#### PROBLEM REQUIREMENTS:
An exact copy of every entry is needed, with no images.

#### LISTED RECORDS:
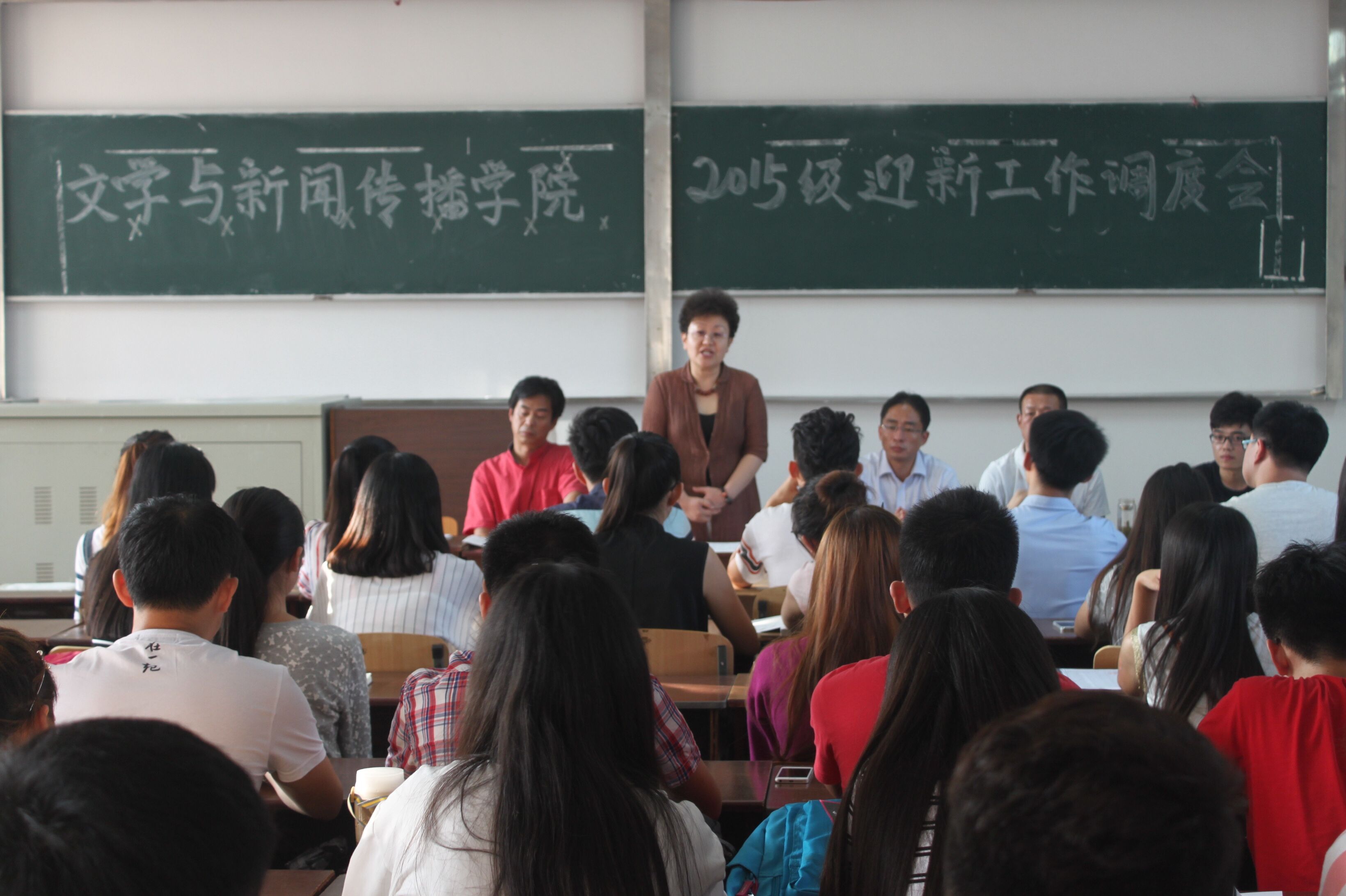 9月10日下午,文学与新闻传播学院2015级迎新工作调度会在致远楼6307教室召开。文学与新闻传播学院党总支书记郭顺敏出席会议并讲话,文学与新闻传播学院辅导员办公室副主任郭荣波主持会议,辅导员辛桂京、徐金德参加会议。文学与新闻传播学院第十四届学生会学生会主席团成员,各部部长,2013、2014级各班班长、团支书共约50人参加会议。
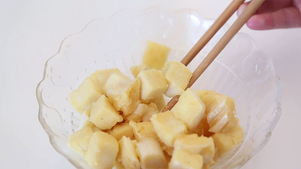 蛋液中加入馒头块和少许宝宝盐调味,搅拌至馒头均匀地裹上蛋液。
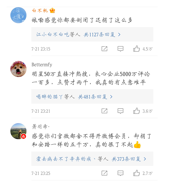 今年7月的郑州暴雨,鸿星尔克出圈,网友们纷纷在评论中表示印象中的鸿星尔克都快“倒闭”了,没想到却默默捐出了高达5000万的物资,甚至都没有宣传一下。而事实上,安踏也捐出了5000万钱物。
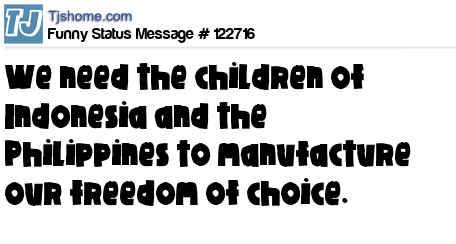 X We need the children of Indonesia and the Philippines to manufacture our freedom of choice.
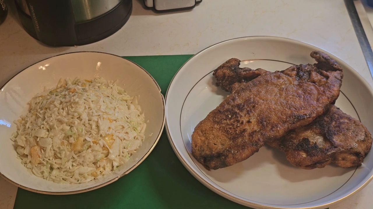 Fried redfish with homemade coleslaw.

#### RESPONSE FOR THIS EXERCISE:
 9月10日下午,文学与新闻传播学院2015级迎新工作调度会在致远楼6307教室召开。文学与新闻传播学院党总支书记郭顺敏出席会议并讲话,文学与新闻传播学院辅导员办公室副主任郭荣波主持会议,辅导员辛桂京、徐金德参加会议。文学与新闻传播学院第十四届学生会学生会主席团成员,各部部长,2013、2014级各班班长、团支书共约50人参加会议。
 蛋液中加入馒头块和少许宝宝盐调味,搅拌至馒头均匀地裹上蛋液。
 今年7月的郑州暴雨,鸿星尔克出圈,网友们纷纷在评论中表示印象中的鸿星尔克都快“倒闭”了,没想到却默默捐出了高达5000万的物资,甚至都没有宣传一下。而事实上,安踏也捐出了5000万钱物。
 X We need the children of Indonesia and the Philippines to manufacture our freedom of choice.
 Fried redfish with homemade coleslaw.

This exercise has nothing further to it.